# Small room, small fireplace - want low BTU's



## stillfiguring (Oct 29, 2015)

Please, please help! We moved into a house with an existing fireplace that we would like to make functional with either a gas stove or gas insert.  Here's the challenge: the room is small (although partially open to the rest of the house - about 225 sq ft) so we would like to find a heat source with low (under 10,000) btu's.  I've been on the forums and have researched some recommendations, but none seem to fit our fireplace dimensions.  It's 28" H, 30" W in front, 16" W in the back, 18" D. Does anybody have any other suggestions?
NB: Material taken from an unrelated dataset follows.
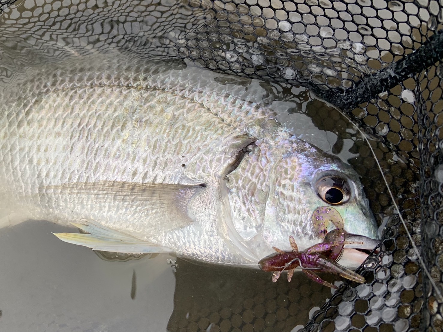 この時期のチヌは、ストラクチャー着く場合が多いので、ピンポイントを丁寧に誘うとバイトしてきます。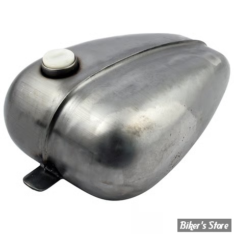 3.3 Gallon (12.5 liter). For pre-83 bajonet style gas caps (not included). The classic since decades, in a cool old school ribbed version. Takes a 3/8 NPT petcock, located on the right side. The rear section is equipped with 1/4" fuel outlets. Dimensions approx. 17" long x 11.5" wide, tunnel width 2".

Thanks so much, I've been researching for a year and still can't figure it out!


----------



## DAKSY (Oct 30, 2015)

Do some more research, only this time, check to see what the "Turn-Down" BTUs are.
Many units have a 50% turn-down, so a gas stove or insert with 20K BTU input should meet your needs.


----------



## stillfiguring (Oct 30, 2015)

Thanks so much Daksy! I am thrilled to have found out that stoves and inserts with lower BTU's even exist.  The challenge now is finding one that will fit in our existing fireplace.  I've looked at Valor and Avalon (which both have "town down" or low BTU options), but both seem to need a fireplace that is wider than 30".  So that's my challenge now and I'm not sure where else to look.  I'm hoping somebody else may have had the same challenges and found a solution  I'm posting a photo in case that helps....Thanks again for taking the time to reply.


----------



## DAKSY (Oct 30, 2015)

Here's one:

http://www.regency-fire.com/Products/Gas/Gas-Inserts/L234.aspx

I admit I didn't look into any of the others on this site, nor did I look at other sites, but I'm sure there are more out there.


----------



## stillfiguring (Oct 30, 2015)

DAKSY said:


> Here's one:
> 
> http://www.regency-fire.com/Products/Gas/Gas-Inserts/L234.aspx



And herein lies my challenge! That unit's "turn down" btu's are 12,500.   It would be too hot for our small space.  Any and all suggestions are welcome, thank you so much!


----------



## DAKSY (Oct 30, 2015)

stillfiguring said:


> And herein lies my challenge! That unit's "turn down" btu's are 12,500.   It would be too hot for our small space.  Any and all suggestions are welcome, thank you so much!


 
This unit is 74% efficient. .74 x 12,500 = 9,250BTU. That's JUST about right for 225 sf with average (2x4/R13) insulation.


----------



## stillfiguring (Oct 30, 2015)

Ah! That's a great point, and one I never considered. Thank you for bringing that up!  May I ask what BTU's you would consider "just right" for a space that size? It's about 225 sq ft but is somewhat open to the rest of the house. The fireplace is basically at the "closed" end of a rectangular room with the staircase bordering it on the right.  FYI, the house is stucco, built in 1918, so the insulation may not be great.  Thanks so much.


----------



## DAKSY (Oct 30, 2015)

Strictly ballpark figures here roughly based on sf/insulation values.
1918 home w/newspapers in between the studs, curtains inside move
when the wind blows outside - 50 BTU/sf...225 x 50 = 11250 BTU OUTPUT
2x4 w R13 40BTU/sf = 9000 BTU OUTPUT
2x6 w R21 30 BTU/sf = 6750 BTU OUTPUT.
Rough numbers, but they'll get you close.


----------



## stillfiguring (Oct 30, 2015)

DAKSY said:


> Strictly ballpark figures here roughly based on sf/insulation values.
> 1918 home w/newspapers in between the studs, curtains inside move
> when the wind blows outside - 50 BTU/sf...225 x 50 = 11250 BTU OUTPUT
> 2x4 w R13 40BTU/sf = 9000 BTU OUTPUT
> ...


Can't thank you enough Daksy.  You've been very helpful.  This is the insert I'm thinking about now:

http://www.valorfireplaces.com/m/products-legendg3.html

If you have any thoughts of course I'd be interested but if not, I'll leave it at thanks again!


----------